未至、公夢、疾為二豎子、曰、「彼良医也。
未だ至らざるに、公の夢に、疾二豎子と為りて、曰はく、「彼は良医なり。

懼傷我。
我を傷つけんことを懼る。

焉逃之。」
焉くにかこれを逃れん。」と。

其一曰、「居肓之上、膏之下、若我何。」
その一曰はく、「肓の上、膏の下に居らば、我をいかんせん。
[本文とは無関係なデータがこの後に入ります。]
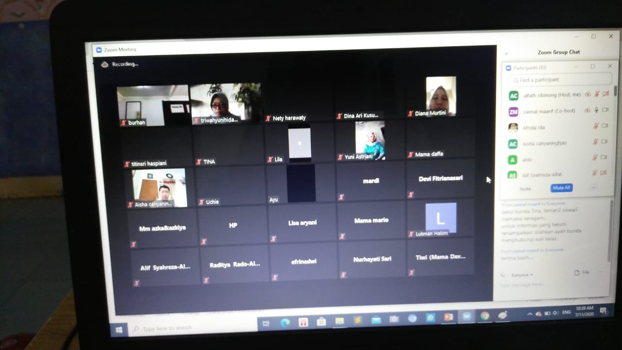 Pertemuan Online Pertama orangtua murid, siswa dan guru dalam sosialisasi pembelajaran secara online. Pada hari sab’tu 11 Juli 2020

」と。

医至曰、「疾不可為也。
医至りて曰はく、「疾為むべからざるなり。

在肓之上、膏之下、攻之不可。
肓の上、膏の下に在り、これを攻むるは不可なり。

達之不及、薬不至焉。
これに達せんとするも及ばず、薬至らず。

不可為也。」
為むべからざるなり。」と。

公曰、「良医也。」
公曰はく、「良医なり。」と。

厚為之礼而帰之。
厚くこれが礼を為してこれを帰らしむ。
【注】 ○晋景公(在位 599-581B.C.) 春秋時代の晋君。公は爵位。 ○疾病 病気が重い。 ○秦伯 秦君。伯は爵位。 ○医緩 緩という医者。 ○豎子 子ども。 ○肓之上、膏之下 胸元。心臓の下、横隔膜の上の隠れた部分。 ○達之不及 針を打っても届かない。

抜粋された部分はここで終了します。